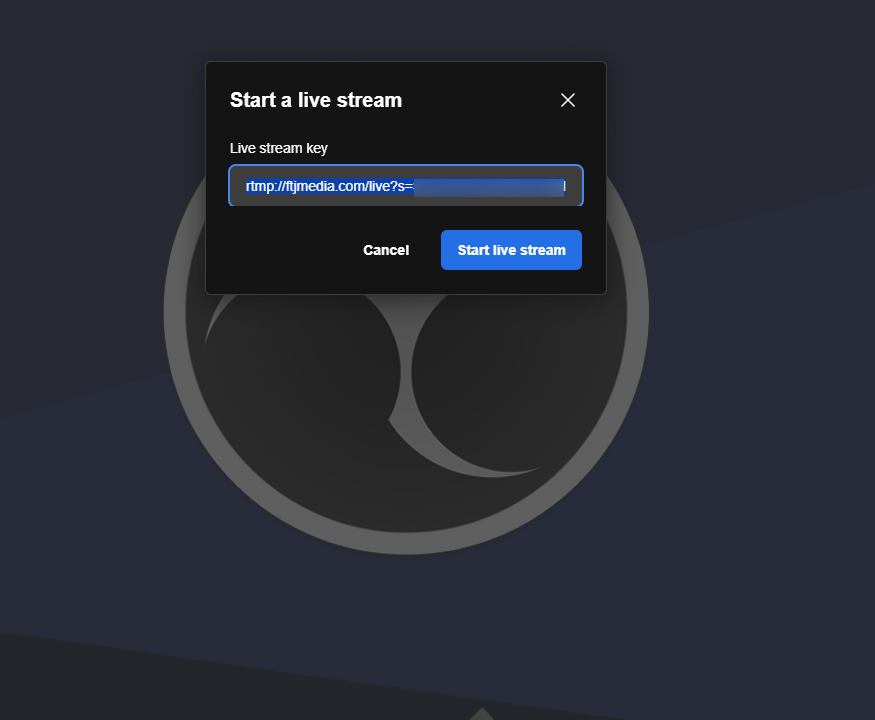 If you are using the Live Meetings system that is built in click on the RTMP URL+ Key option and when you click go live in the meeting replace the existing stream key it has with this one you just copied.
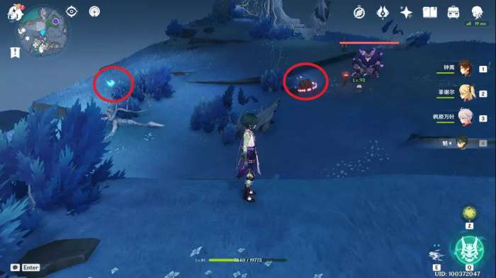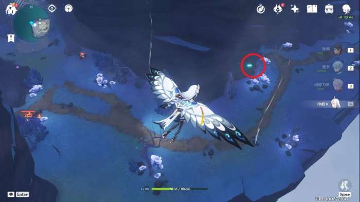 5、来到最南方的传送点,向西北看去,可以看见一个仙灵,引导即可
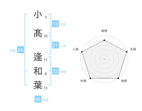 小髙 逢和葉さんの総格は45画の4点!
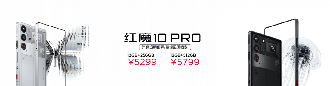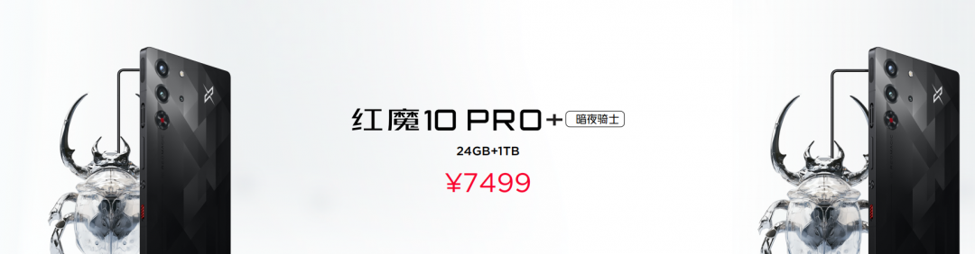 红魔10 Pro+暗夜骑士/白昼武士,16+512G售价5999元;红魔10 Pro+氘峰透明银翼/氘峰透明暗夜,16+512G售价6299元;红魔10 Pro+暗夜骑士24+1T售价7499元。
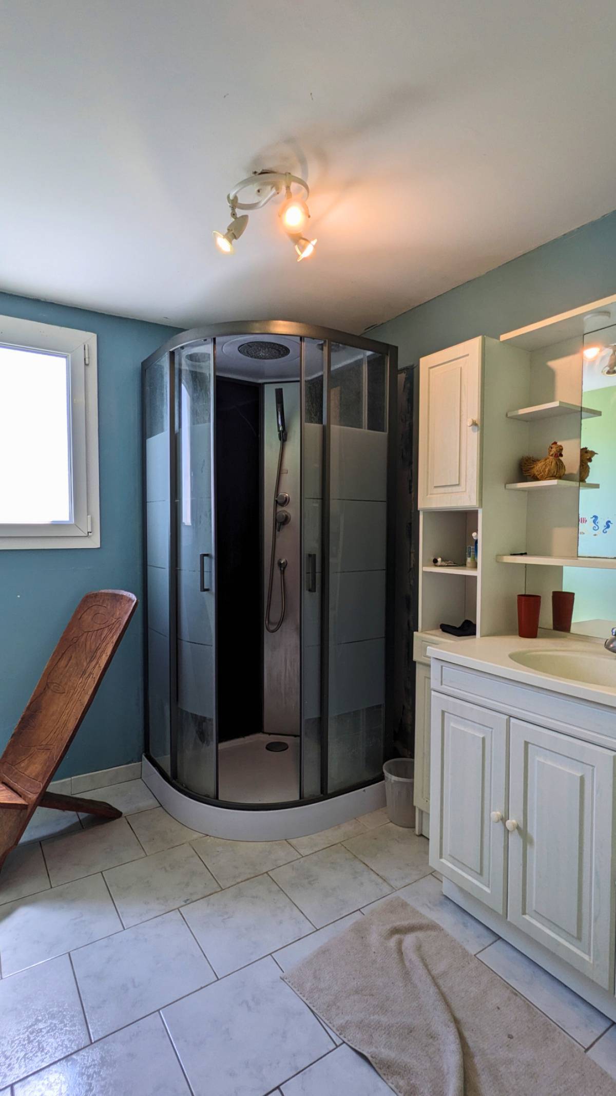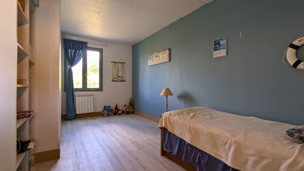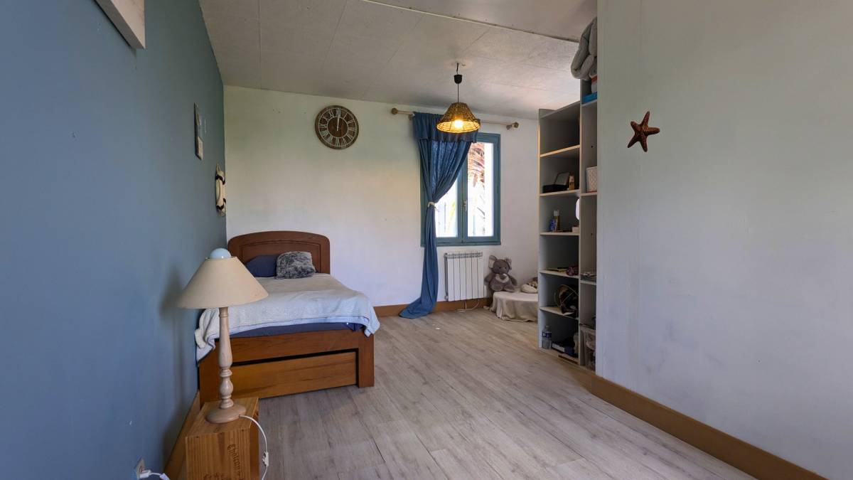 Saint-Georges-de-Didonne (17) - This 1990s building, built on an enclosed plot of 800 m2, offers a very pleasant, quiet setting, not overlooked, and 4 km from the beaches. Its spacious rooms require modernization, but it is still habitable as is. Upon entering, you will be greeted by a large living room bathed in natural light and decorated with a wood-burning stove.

········

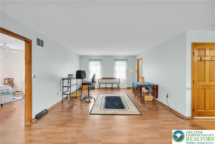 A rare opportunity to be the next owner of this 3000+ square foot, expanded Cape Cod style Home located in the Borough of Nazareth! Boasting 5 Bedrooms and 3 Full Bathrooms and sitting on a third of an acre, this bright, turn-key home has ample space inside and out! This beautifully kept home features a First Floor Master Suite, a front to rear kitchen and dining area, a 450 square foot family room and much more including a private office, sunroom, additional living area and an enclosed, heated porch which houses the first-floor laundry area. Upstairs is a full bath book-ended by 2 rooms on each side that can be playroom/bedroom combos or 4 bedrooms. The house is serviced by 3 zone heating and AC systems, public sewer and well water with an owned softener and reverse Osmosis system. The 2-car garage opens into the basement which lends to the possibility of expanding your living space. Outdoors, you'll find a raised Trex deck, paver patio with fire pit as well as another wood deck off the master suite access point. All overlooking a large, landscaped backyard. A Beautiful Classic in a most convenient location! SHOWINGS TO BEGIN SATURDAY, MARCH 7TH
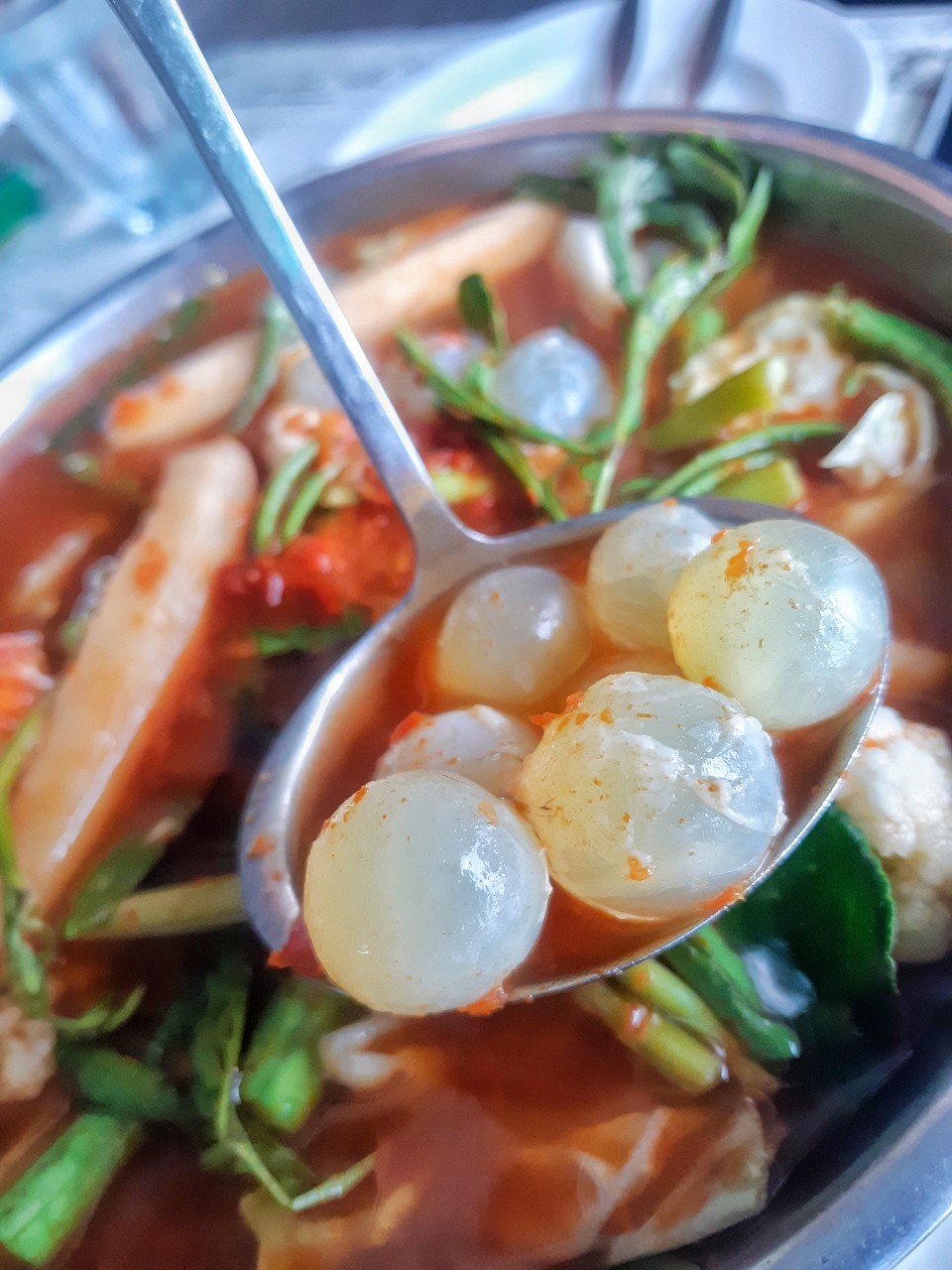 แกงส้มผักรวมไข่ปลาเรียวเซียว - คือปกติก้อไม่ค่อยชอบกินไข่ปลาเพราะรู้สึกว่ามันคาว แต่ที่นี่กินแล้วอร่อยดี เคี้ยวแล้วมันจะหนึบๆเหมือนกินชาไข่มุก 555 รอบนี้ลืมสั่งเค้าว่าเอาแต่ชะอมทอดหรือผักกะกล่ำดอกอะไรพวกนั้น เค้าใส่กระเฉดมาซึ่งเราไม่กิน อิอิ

········

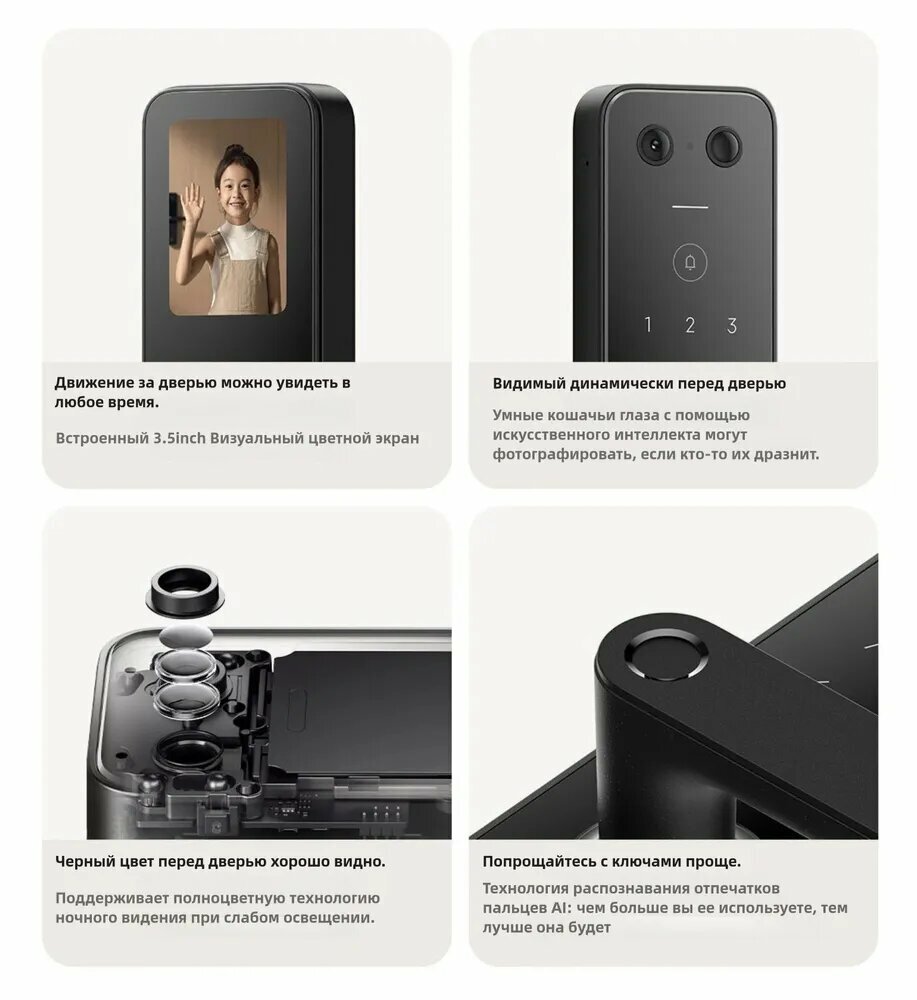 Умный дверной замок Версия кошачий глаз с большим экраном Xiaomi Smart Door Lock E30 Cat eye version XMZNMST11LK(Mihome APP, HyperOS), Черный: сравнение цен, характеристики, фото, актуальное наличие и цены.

········

### TASK REQUIREMENTS
Copy only these lines from the records above, exactly: the one with "If you are using", the one with "Saint-Georges-de-Didonne (17) - This", and those between. Skip the pictures.

### RESULT OF THIS EXERCISE
 If you are using the Live Meetings system that is built in click on the RTMP URL+ Key option and when you click go live in the meeting replace the existing stream key it has with this one you just copied.
 5、来到最南方的传送点,向西北看去,可以看见一个仙灵,引导即可
 小髙 逢和葉さんの総格は45画の4点!
 红魔10 Pro+暗夜骑士/白昼武士,16+512G售价5999元;红魔10 Pro+氘峰透明银翼/氘峰透明暗夜,16+512G售价6299元;红魔10 Pro+暗夜骑士24+1T售价7499元。
 Saint-Georges-de-Didonne (17) - This 1990s building, built on an enclosed plot of 800 m2, offers a very pleasant, quiet setting, not overlooked, and 4 km from the beaches. Its spacious rooms require modernization, but it is still habitable as is. Upon entering, you will be greeted by a large living room bathed in natural light and decorated with a wood-burning stove.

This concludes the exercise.